### Exercise goal:
Starting with the first line of the listing, quote each line exactly until and including the one with "- SS-EN 196-1:2016;", leaving pictures out.
___ Data extract
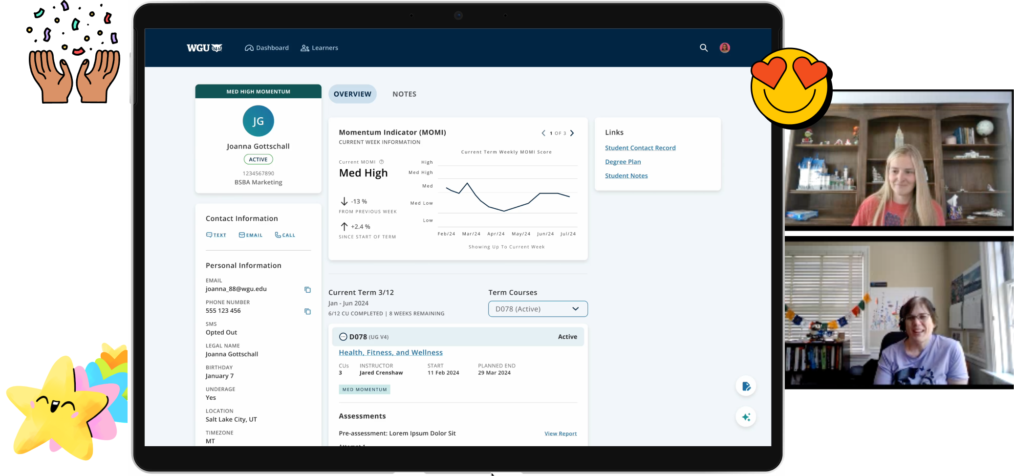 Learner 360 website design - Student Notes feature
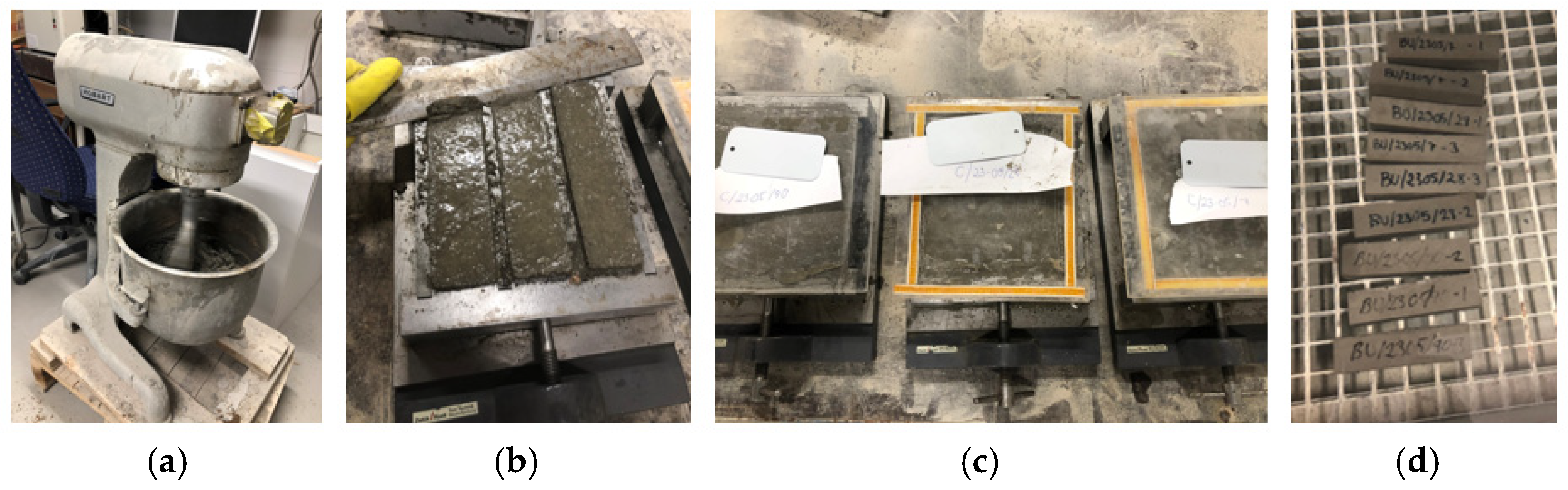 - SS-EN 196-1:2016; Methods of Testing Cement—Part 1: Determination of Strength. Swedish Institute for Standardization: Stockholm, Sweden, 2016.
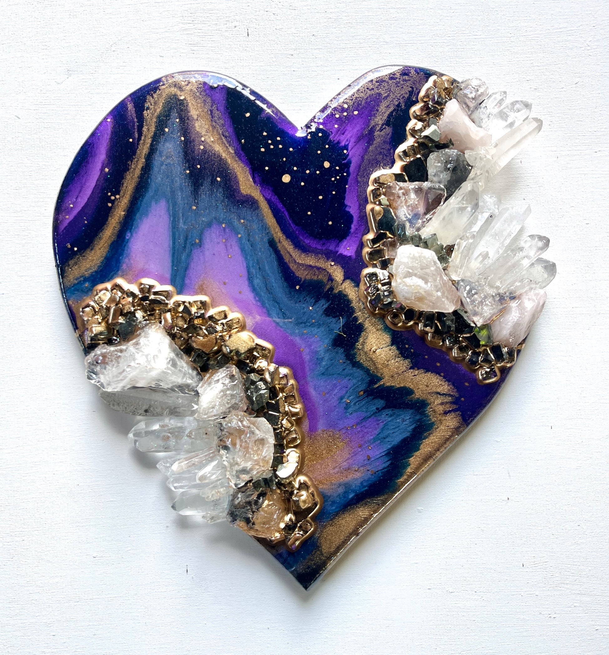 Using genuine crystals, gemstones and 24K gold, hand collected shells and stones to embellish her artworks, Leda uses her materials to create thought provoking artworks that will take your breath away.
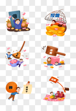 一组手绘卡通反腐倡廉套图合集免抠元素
______
### Exercise output:
 Learner 360 website design - Student Notes feature
 - SS-EN 196-1:2016; Methods of Testing Cement—Part 1: Determination of Strength. Swedish Institute for Standardization: Stockholm, Sweden, 2016.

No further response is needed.